In order to set endpoints with specific access permissions, you can configure the `users` key with a list of user objects. Each user object should contain the username, password, and their respective permissions.

Example: This example illustrates the configuration for two users: an **admin** user with full permissions (*) and a **reader** user with limited permissions to specific read-only endpoints.
```json
{
    "users": [
        {
            "username": "admin",
            "password": "admin",
            "permissions": "*"
        },
        {
            "username": "reader",
            "password": "reader",
            "permissions": [
                {"path": "/", "method": ["GET"]},
                {"path": "/conformance", "method": ["GET"]},
                {"path": "/collections/{collection_id}/items/{item_id}", "method": ["GET"]},
                {"path": "/search", "method": ["GET", "POST"]},
                {"path": "/collections", "method": ["GET"]},
                {"path": "/collections/{collection_id}", "method": ["GET"]},
                {"path": "/collections/{collection_id}/items", "method": ["GET"]},
                {"path": "/queryables", "method": ["GET"]},
                {"path": "/queryables/collections/{collection_id}/queryables", "method": ["GET"]},
                {"path": "/_mgmt/ping", "method": ["GET"]}
            ]
        }
    ]
}
```


### Public Endpoints Configuration

In order to set endpoints with public access, you can configure the public_endpoints key with a list of endpoint objects. Each endpoint object should specify the path and method of the endpoint.

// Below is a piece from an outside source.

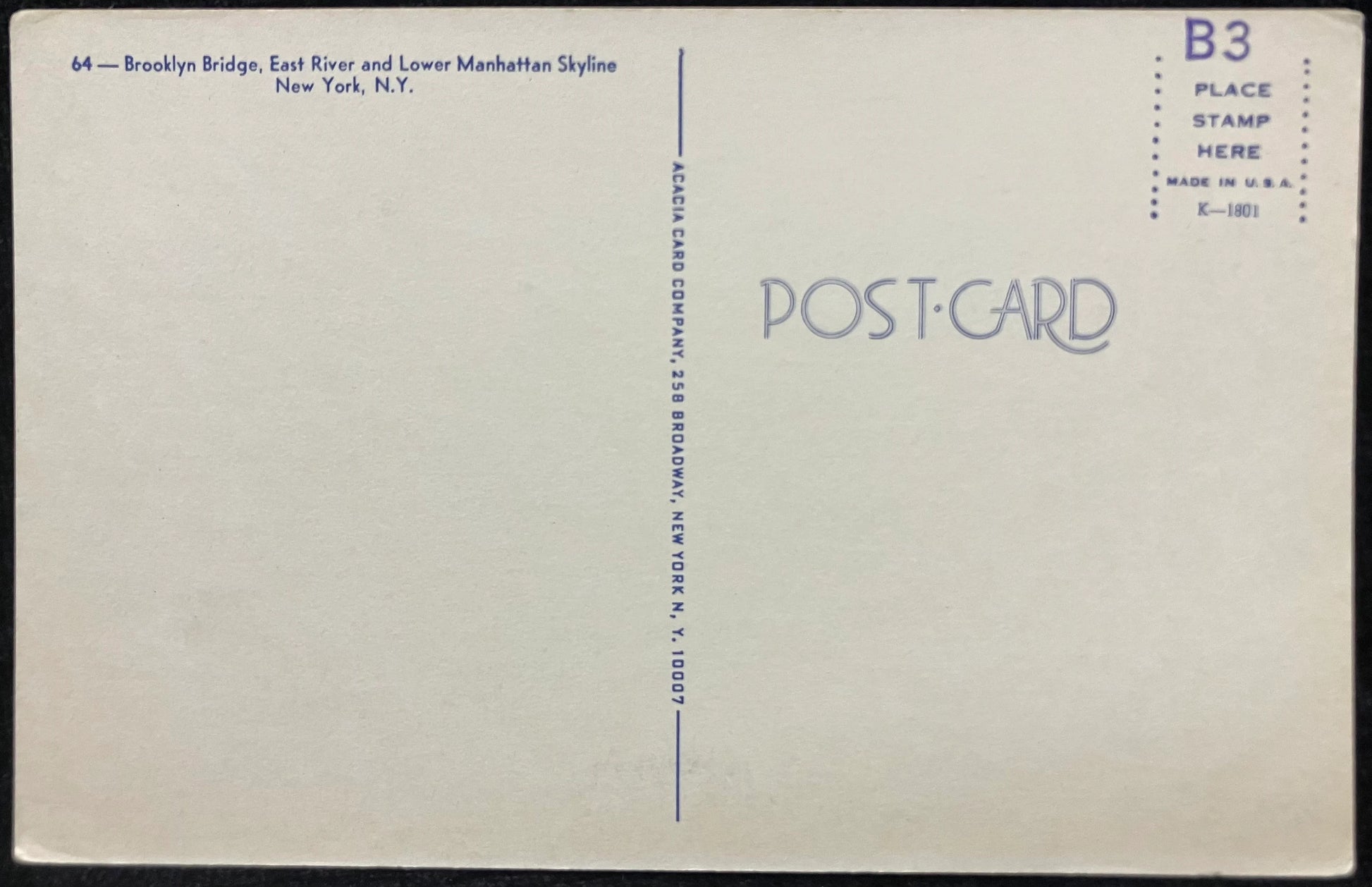 Back: Brooklyn Bridge, East River and Lower Manhattan Skyline - New York, N. Y.

Example: This example demonstrates the configuration for public endpoints, allowing access without authentication to read-only endpoints.
```json
{
    "public_endpoints": [
        {"path": "/", "method": "GET"},
        {"path": "/conformance", "method": "GET"},
        {"path": "/collections/{collection_id}/items/{item_id}", "method": "GET"},
        {"path": "/search", "method": "GET"},
        {"path": "/search", "method": "POST"},
        {"path": "/collections", "method": "GET"},
        {"path": "/collections/{collection_id}", "method": "GET"},
        {"path": "/collections/{collection_id}/items", "method": "GET"},
        {"path": "/queryables", "method": "GET"},
        {"path": "/queryables/collections/{collection_id}/queryables", "method": "GET"},
        {"path": "/_mgmt/ping", "method": "GET"}
    ],
    "users": [
        {
            "username": "admin",
            "password": "admin",
            "permissions": "*"
        }
    ]
}
```

### Docker Compose Configurations

See `docker-compose.basic_auth_protected.yml` and `docker-compose.basic_auth_public.yml` for basic authentication configurations.